Evaluation of Danida Support to Value Chain Development
Serbia Country Study
Evaluation – March 2016
The purpose of the evaluation was to contribute to improving the design and implementation of Danida’s bilateral programme cooperation under inclusive green growth and employment for future support to value chain development (VCD). VCD interventions aim at establishing mutually beneficial links and incentives between smallholders and other value chain actors (such as processors, exporters and retailers) that interact for production and marketing of a given product. The design of VCD interventions is often based on a careful analysis of the business context, actors in the chain, and the relationships between chain actors.
Danida has supported VCD in different forms since 2002. A total of approximately DKK 1.3 billion was allocated for VCD specific interventions in the period from 2002 to 2012. The VCD portfolio includes a large diversity of interventions, some with a small VCD element and others with a more significant VCD element. These interventions often constitute components or sub-components of wider sector programmes. The evaluation has focused on Danida VCD interventions within 11 different countries, which include some elements of a VCD approach.

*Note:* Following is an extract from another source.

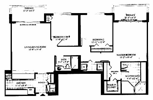 This condominium home has two terraces including a private one in the master bedroom that also has a walk-in closet, dressing area and master bath with double vanity. Two more bedrooms share a bath, with an option for either being used as a den or home office as needed. Entertain guests comfortably in the living/dining room where the second terrace can be found. Prepare meals with ease in the spacious kitchen with pantry to one side of the foyer entrance.

Data collection and analysis was based on a mixed-methods approach, combining quantitative data analysis with qualitative methods. Three primary case countries (Burkina Faso, Serbia and Uganda) were selected for in-depth assessment, which included comprehensive quantitative and qualitative in-country data collection. Two secondary case countries (Kenya and Ukraine) were furthermore visited for additional data collection. The assessment of the remaining six interventions (in Albania, Ghana, Mozambique, Zimbabwe, Tanzania, Central America) was based on documents, existing impact studies and interviews with Ministry of Foreign Affairs (MFA) staff.
The evaluation was undertaken by an independent team of consultants from a consortium of Orbicon and Wageningen UR in the period from January 2015 to February 2016.